AUTHOR=Shi Mingyue , Niu Junwei , Niu Xiaona , Guo Honggang , Bai Yanliang , Shi Jie , Li Weiya , Sun Kai , Chen Yuqing , Shao Fengmin 

TITLE=Lin28A/CENPE Promoting the Proliferation and Chemoresistance of Acute Myeloid Leukemia

JOURNAL=Frontiers in Oncology

VOLUME=Volume 11 - 2021

YEAR=2021

URL=https://www.frontiersin.org/journals/oncology/articles/10.3389/fonc.2021.763232

DOI=10.3389/fonc.2021.763232

ISSN=2234-943X

ABSTRACT=The prognosis of chemo-resistant acute myeloid leukemia (AML) is still poor, mainly owing to the sustained proliferation ability of leukemic cells, while the microtubules have a major role in sustaining the continuity of cell cycle. In the present study, we have identified CENPE, a microtubular kinesin-like motor protein that is highly expressed in the peripheral blood of patients with chemo-resistant AML. In our in vitro studies, knockdown of CENPE expression resulted in the suppression of proliferation of myeloid leukemia cells and reversal of cytarabine (Ara-C) chemo-resistance.
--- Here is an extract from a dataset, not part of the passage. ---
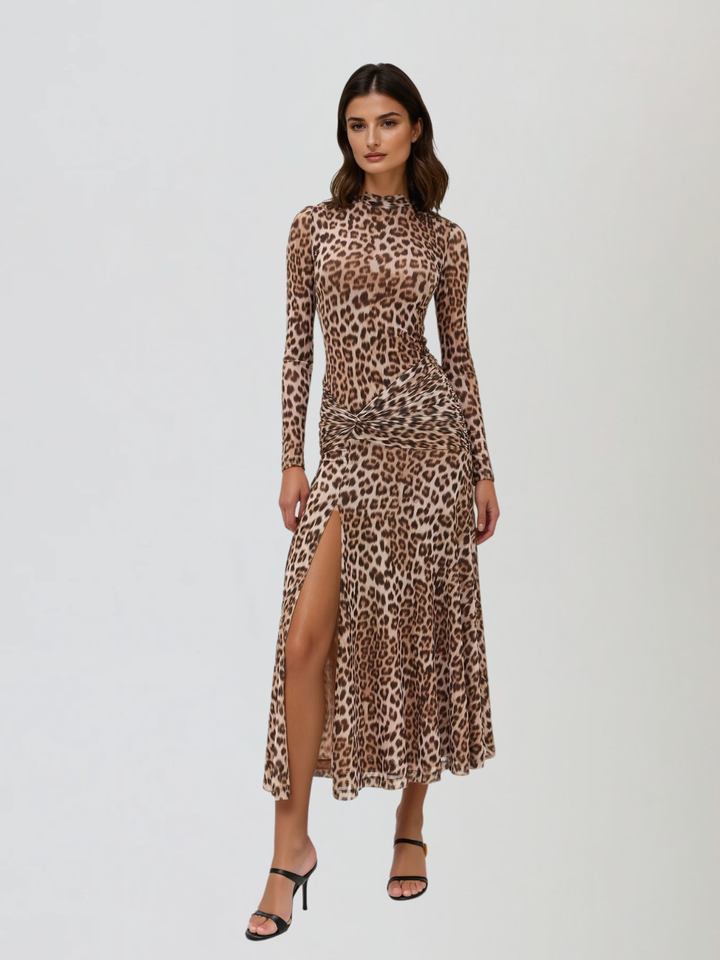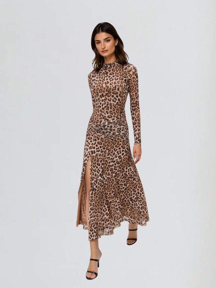 Unleash your wild side with the Etherix Leopard Split Midi Dress—a bold statement piece that commands attention. The striking leopard print brings untamed elegance to any occasion, while the flattering midi length offers sophisticated coverage. The daring side split adds movement and allure, creating a silhouette that's both daring and refined. Perfect for those who refuse to blend in, this dress transforms your look from ordinary to extraordinary. Whether you're heading to a night out or making an entrance at an event, this versatile piece ensures you'll turn heads and feel absolutely confident.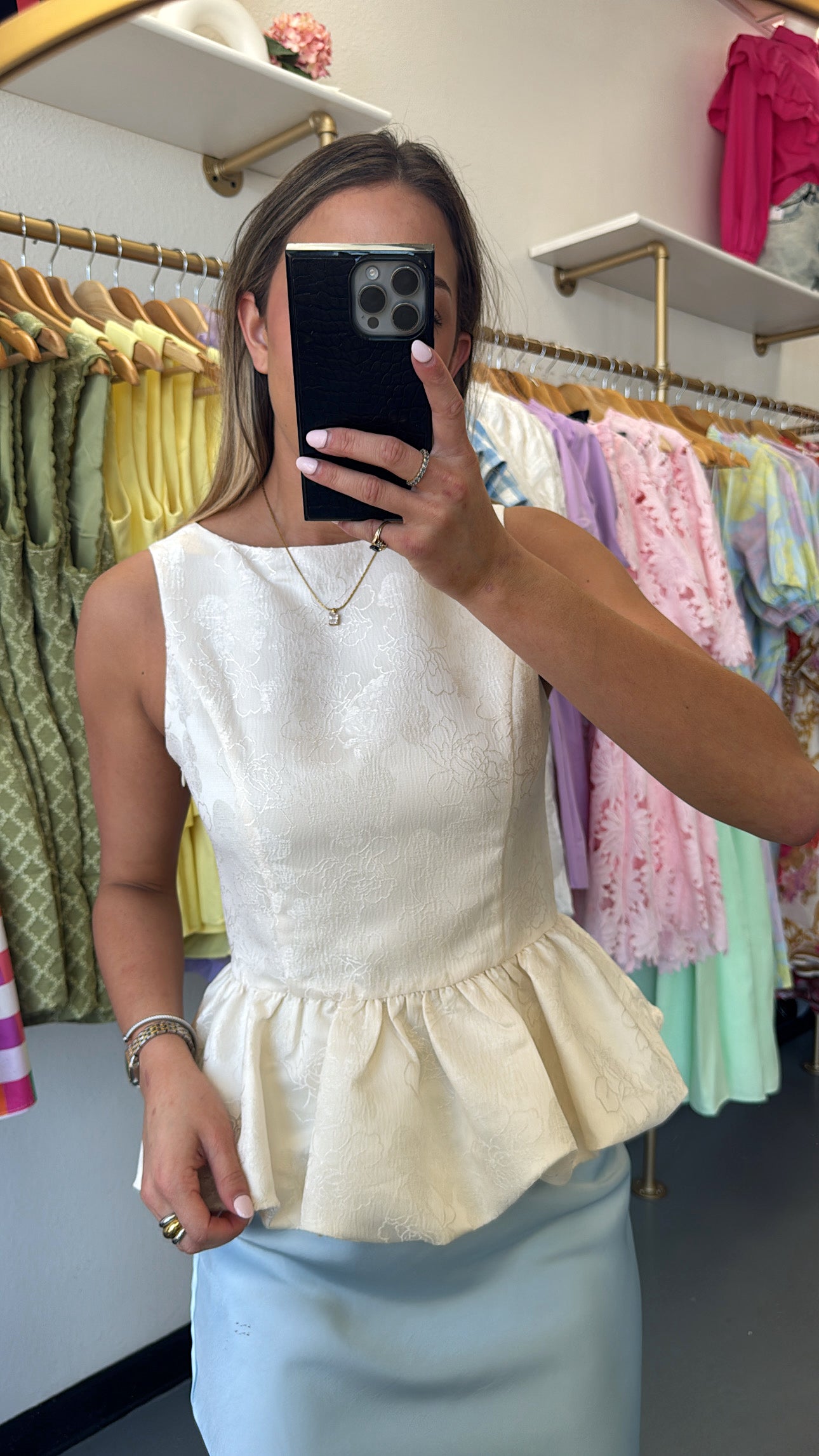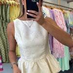 Cream Jacquard Sleeveless Peplum Top

Furthermore, Lin28A, one of the RNA-binding oncogene proteins that increases cell proliferation, invasion and contributes to unfavorable treatment responses in certain malignancies, was found to be remarkably correlated with CENPE expression in chemo-resistance AML. Overexpression of LIN28A promoted the proliferation and Ara-C chemo-resistance of leukemic cells. RIP assay, RNA pull-down and dual luciferase reporter analyses indicated that LIN28A bound specifically to the promoter region-GGAGA of CENPE. In Addition, the impacts of LIN28A on cell growth, apoptosis, cell cycle progression and Ara-C chemo-resistance were reverted by the knockdown of CENPE. Hence, Lin28A/CENPE has enhanced the proliferation and chemo-resistance of AML and therefore it could be a prospective candidate for AML treatment.